What can I do the moment it’s installed?
Open any YouTube video and you have three keyboard shortcuts, all declared in the manifest’s commands block (Cmd instead of Ctrl on a Mac, all remappable at chrome://extensions/shortcuts):
- Ctrl+Shift+G toggles the chat sidebar — ask a question about the video and get an answer with timestamped citations.
- Ctrl+Shift+S adds the current video to one of your SageTube Experts.
- Ctrl+Shift+F opens the extension popup.
Costs come out of your wallet at published rates (config/subscription.php, rates): fetching a captioned video’s transcript is $0.01 per minute of video, and transcribing a video with no captions — which requires extracting and processing the audio — is $0.05 per minute. In practice the cheap path is the common one: as of July 2026, of the 19,943 videos transcribed on SageTube, only 1,142 — about 6% — needed the audio-extraction route. The other ~94% had captions we could fetch directly.
The free Starter tier includes 1 Expert and 3 sources alongside the $5 starting balance (config/subscription.php, free), which is enough to index a few videos end-to-end and decide whether the workflow earns a spot in your toolbar.
For what to do next — summarizing from the three-dot menu, transcripts, dark mode, the channel-page button, and every other feature — the complete extension guide walks through all of it.
Frequently asked questions
- Is the SageTube Chrome extension free to install?
- Yes. Installing is free, and every new account starts on the free Starter tier with a $5 wallet balance, 1 Expert, and 3 sources. Actions that consume compute — transcripts, summaries, chat questions — draw from that wallet, so you can try everything before paying anything.
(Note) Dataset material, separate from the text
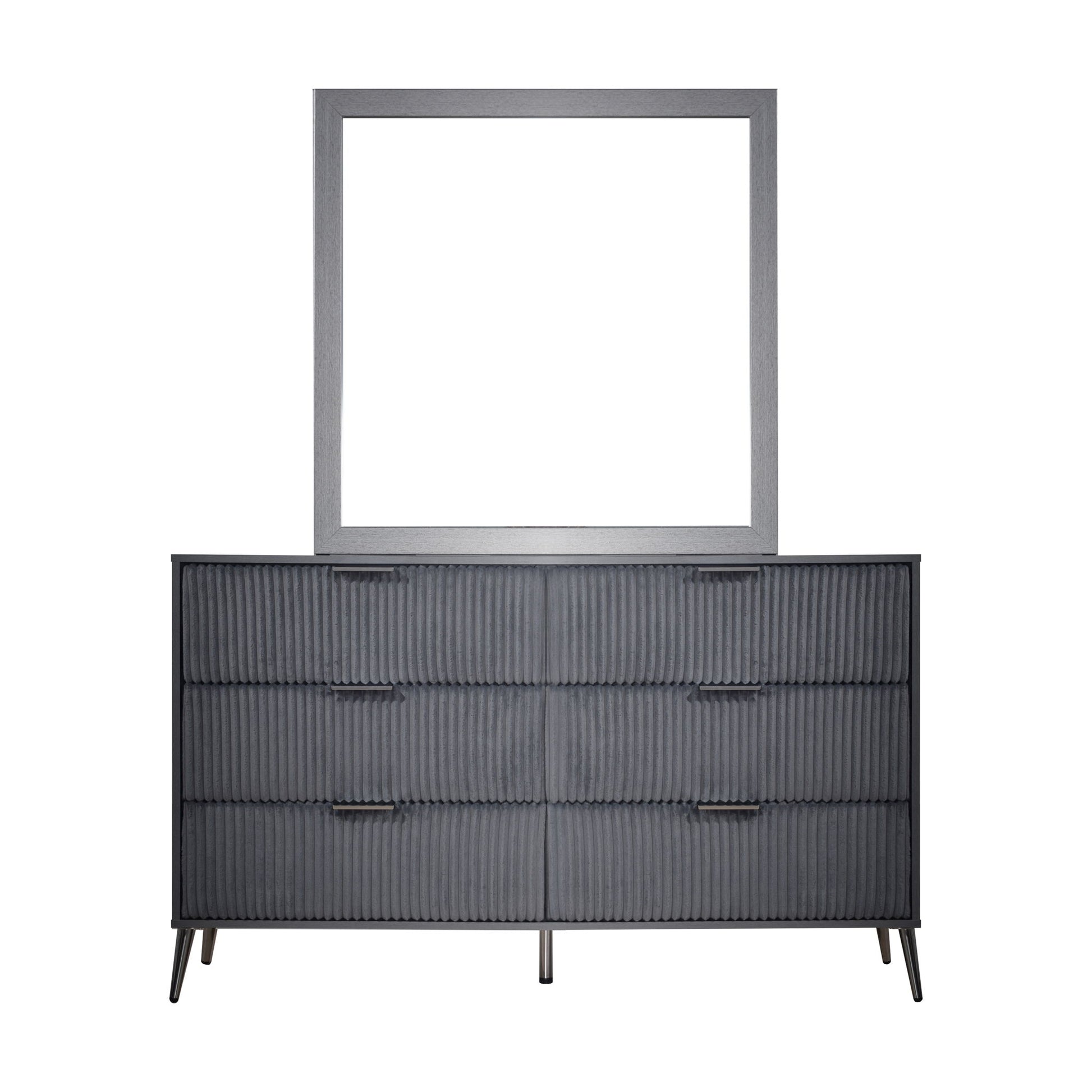 The Kailani 2 Piece Dresser and Mirror Set is a stunning combination of modern design, durability, and eco-friendly craftsmanship, making it an elegant addition to any bedroom. This set includes a dresser and mirror, both expertly crafted from a blend of solid rubberwood, engineered wood, and eco-friendly decorative laminate. The durable construction ensures the furniture maintains its beauty with minimal maintenance, offering superior resistance to scratches, moisture, and stains. The modern minimalist design, featuring clean lines, a sleek silhouette, and a chic ribbed texture, is enhanced by slim metallic handles and tapered legs, adding a sophisticated yet functional touch to your space. The dresser’s textured drawers, wrapped in luxurious 100% Polyester Velvet and accented by gleaming gold pulls and angled legs, bring a touch of glamour to the room. The low-distortion mirror offers crystal-clear reflection, combining both function and elegance. Thoughtfully designed for seamless form and function, the spacious drawers glide effortlessly on full-extension slides and are reinforced with durable dovetail joinery, ensuring smooth operation and lasting strength. The Kailani Dresser and Mirror Set is a perfect blend of style, function, and sustainability, making it a standout choice for your bedroom.

- Which browsers does the SageTube extension support?
- Google Chrome. Other Chromium browsers such as Edge and Brave can technically install extensions from the Chrome Web Store, but SageTube's sign-in uses chrome.identity.getAuthToken, an API tied to Chrome's built-in Google account integration, so sign-in outside Chrome is not guaranteed. There is no Firefox version.
- What permissions does the extension request, and why?
- Exactly three: storage (keeps your login token locally so you stay signed in), identity (Google sign-in through Chrome's own OAuth flow), and alarms (schedules background token refresh so you don't have to re-authenticate every day). Site access is limited to www.youtube.com and sagetube.ai — the extension is inert everywhere else.
- Does the extension get access to my YouTube account?
- No. The Google OAuth scopes it requests cover only your email address and basic profile. There is no YouTube-account scope, so it cannot see your subscriptions, playlists, or watch history. It reads the public YouTube page you are looking at, nothing more.